Coterra is continuously innovating in its drilling and completion techniques, using machine learning to help optimize their projects. They are constantly debating well spacing and frac design, and this year they are testing in the Bone Spring to help optimize their projects over the next 3 years. However, this testing will not change their capital allocation.
Thomas Jorden and Blake Sirgo discussed the opportunities for increasing productivity across their various assets. They are pleased with their Anadarko Basin flowback, and their Marcellus team has done a good job optimizing their delineation and slide deck updates. In the Permian, they are focusing on larger developments that take advantage of project size, and they have seen an increase in the average wells per project over the last two years. They are also seeing an increase in their drilling and completion fees per day.
Blake Sirgo and Roger Read are discussing the CapEx for '23 and '24, and how the deflation of certain services has not materialized as expected. Blake Sirgo states that if the deflation had gone through the entire cost structure, they would be at the low end of the range. Kevin MacCurdy then inquires about the trajectory of OpEx for the year, noting that the first two quarters were at the higher end of guidance, and that the second half of the year would need to be at the lower end of the range.
Blake Sirgo and Shannon Young discussed how their LOE is down quarter-over-quarter and their cash costs are down from $8.90 a BOE last quarter to $8.27 BOE this quarter, respectively. Thomas Jorden then discussed their experience with 3-mile laterals, noting that they don't have broad experience in any one area, but that the well in Reeves County surprised them with an upside.

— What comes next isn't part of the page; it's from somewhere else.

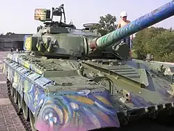 One of the various prototypes for the T-84. Featured a welded turret with integrated reactive armor. Smoke grenades were moved from the front of the turret onto the top rear part. This smoke launcher configuration was kept for the T-84 after this. Manufactured in 1992.[13][14]

Thomas Jorden praised the operational team for their work in the Marcellus region, citing their management of parent-child effects, well spacing, and completion design as contributing to the 9% production growth in the second quarter. He also mentioned their success in revising their forecasting methodology and their projects in the lower and upper Marcellus. Leo Mariani then asked about their CapEx, with Thomas Jorden replying that they will likely be a couple of percent over the midpoint in '23.
Shannon Young answered Paul Cheng's question about 3-mile wells and larger pad development in the Permian Basin. Young stated that the guidance range for accrued CapEx in 2023 is $2 billion to $2.2 billion, with a trend of 1-2% above the midpoint. They are letting go of spot crews in the Permian and Anadarko, leading to lower accrued CapEx in the fourth quarter. Young also mentioned that they will benefit from 3-mile wells in the second quarter and that their Permian portfolio has the opportunity to have 3-mile wells, with an increase in larger pad development.

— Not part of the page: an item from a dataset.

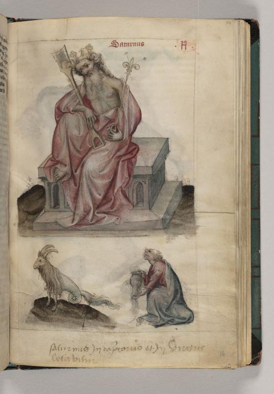 Personification: Planet, Saturn (Saturn in his Houses), Zodiac Sign: Capricornus, and Zodiac Sign: Aquarius -- Saturn, crowned, bearded, partially draped, sits on bench with right foot on seat and holds spade in right hand and scepter with fleur-de-lis in left hand.

Thomas Jorden discussed the risk-reward of infrastructure investment, noting that the 3-mile wells will be a small part of the program, but that the 51-well project will give them the opportunity to test a lot of things and have good offset control. He believes they are ready for a project of this size and hope to deliver outstanding results.
Blake Sirgo discussed the impact of LNG on gas prices in the Permian and Marcellus basins. He noted that Waha has opened up this year due to expansions and forecast revisions, and there are options for getting Permian gas to LNG, though none have been found to work yet. Regarding vendor behavior, he noted that it is fairly uniform, with rigs and crews moving to other basins if the arbitrage is big enough.
Scott Schroeder thanked everyone for their support and trust in Coterra over the past two years. He expressed his pride in the company and his confidence that it is in great hands with Shane and the team. He concluded the conference call by thanking everyone for their participation and wishing them well.
This summary was generated with AI and may contain some inaccuracies.